Karrar Ali
Karrar Ali

Reputation: 69

Compare two lists different in two elements in the same position

I want to write a function compares two lists have the same length, the function return the two lists that are different in just two items in the same position on the list For example

If a=[0,33,2,3,4,66,9] and b=[0,22,2,3,4,77,9]

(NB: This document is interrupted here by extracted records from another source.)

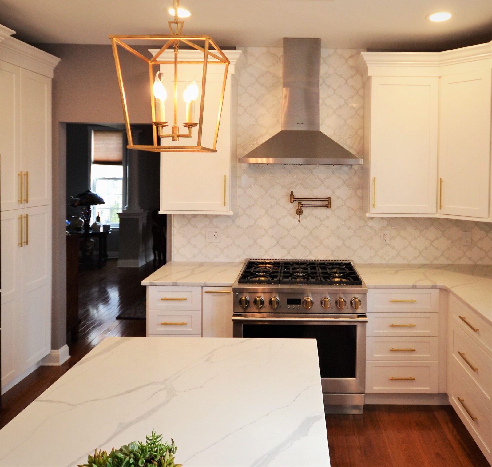 This stunning kitchen renovation showcases the perfect balance of bold and timeless design. Crisp white cabinets provide a clean backdrop, while the deep navy island adds dramatic contrast. Luxurious gold hardware and statement pendant lights elevate the space with a touch of glamour. The waterfall-edge quartz countertops create a seamless, high-end finish, complemented by an elegant patterned backsplash. Every detail—from the pot filler above the range to the built-in appliances—was chosen to combine functionality with beauty, resulting in a space that’s both stylish and inviting.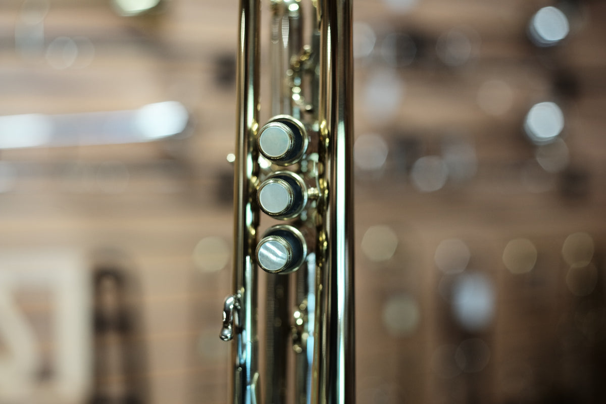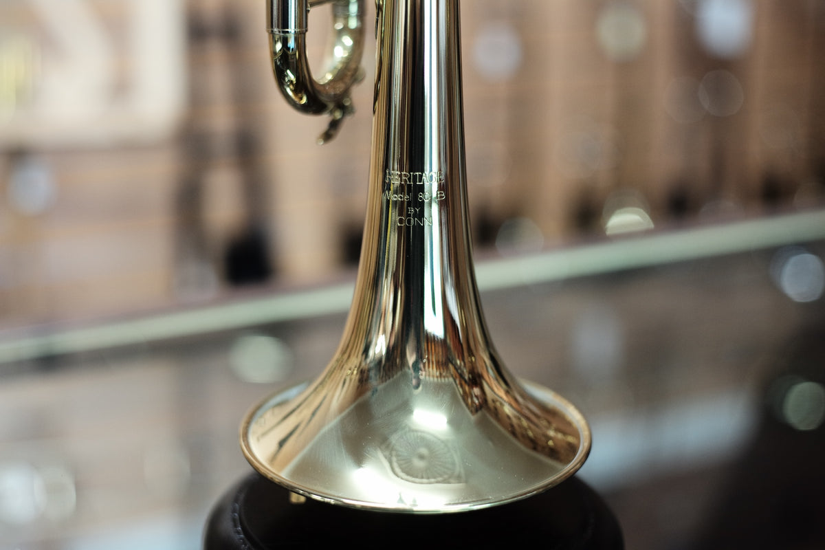 The 80B Heritage model Bb trumpet by Conn, Made in USA with a gorgeous lacquer finish, exudes quality and sophistication.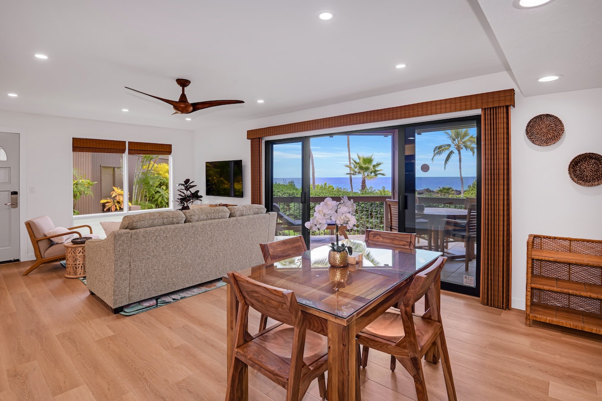 Best unit at Kailua-Kona’s popular Sea Village and one of the only with A/C! Captivating ocean views, breezes, tropical sights and sounds greet you in this easily accessible ground floor unit. Start your day on the private lanai watching the spinner dolphins and end it with a glass of wine watching sunset over the ocean. This fully updated, turn-key condo boasts open concept living and is 5 minutes to downtown. An ideal base for an individual, couple or small families to explore the Big Island!
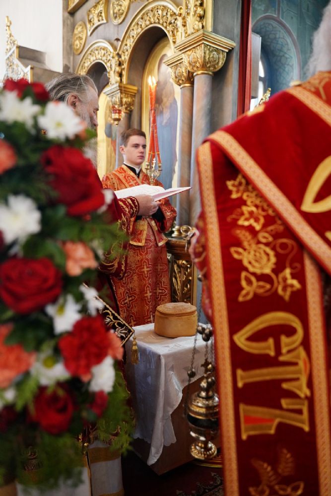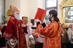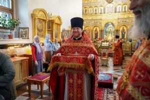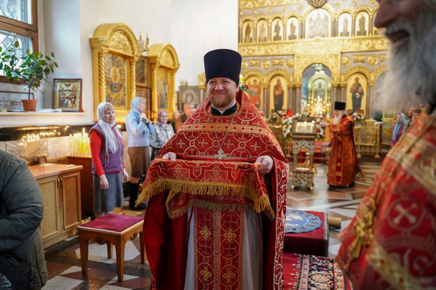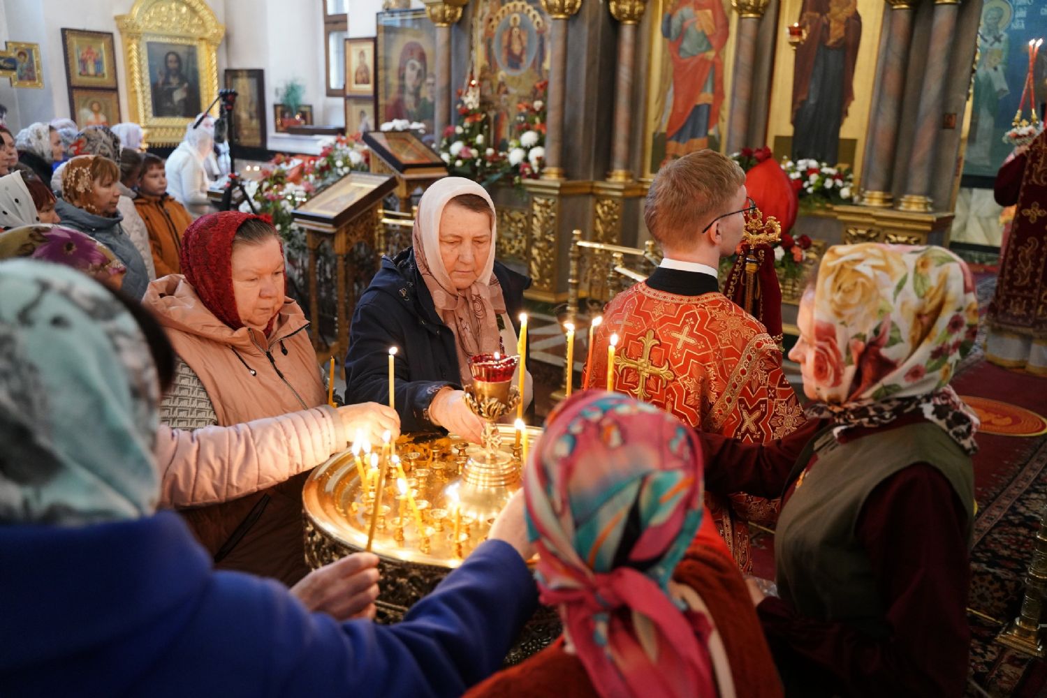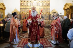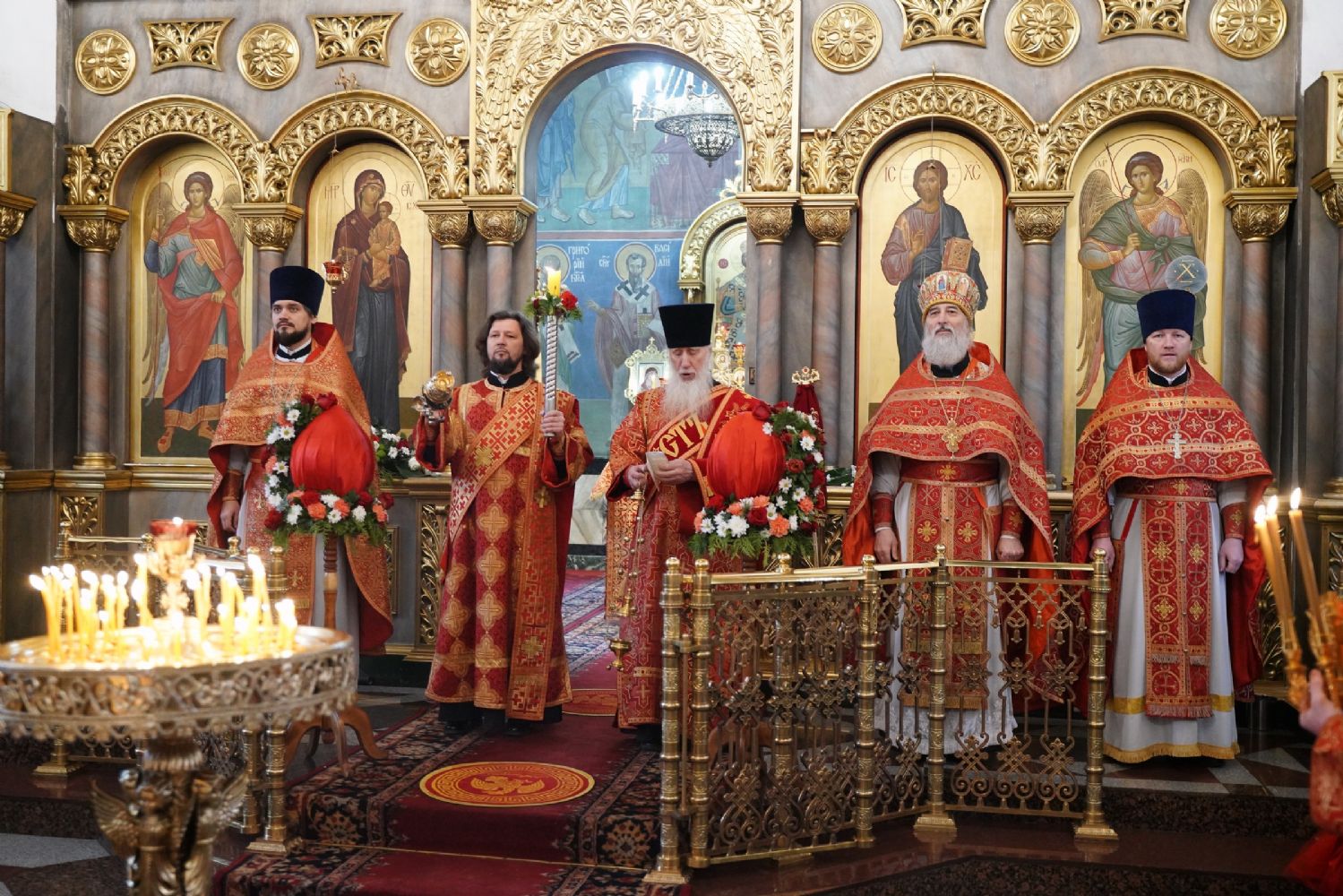 Его Высокопреосвященству сослужили настоятель храма протоиерей Сергий Филонов, клирики храма иерей Никита Иванов, иерей Вячеслав Булычев, диакон Александр Мельников, а также протодиакон Михаил Козловский. Песнопения исполнял хор Успенского храма под управлением регента Александры Ивановой.

The function return those two list so because there are different in two element and every thing is the same, but if it compares: If c=[0, 2,3,33,4,66,9] And b=[0,22,2,3,4,77,9] The function should give me false results because the two items in different positions in the list

Any help would be appreciated

Upvotes: 0

Views: 3165

Answers (5)

poke
poke

Reputation: 388443

Inspired by Jon’s answer that short-circuits as soon as the threshold is met, here is a solution that is a bit simpler and does not involve some crazy itertools magic:

def no_diff_by(a, b, n):
    for x in (1 for x, y in zip(a, b) if x != y):
        n -= 1
        if n < 0:
            return False
    return True

Basically, this uses the generator feature (and Python 3’s zip—you want to use izip with Python 2) to lazily get the next non-matching pair. And for each pair, it decrements the counter by one. If we go below zero, we have found more non-matching pairs than allowed, so we can return false. Otherwise, the loop will continue until it eventually completes at which point we can return true (or the original lists if you like).

Upvotes: 2

sweet_sugar
sweet_sugar

Reputation: 1570

You can stop compare the corresponding elements if the comparison criterion is exceeded and return False. The else suite is executed after the for, but only if the for terminates normally (not by a break). Function return True if comparison exactly meet cirteria. I used the break to emphasize the action for..else, instead break here once you exit the function .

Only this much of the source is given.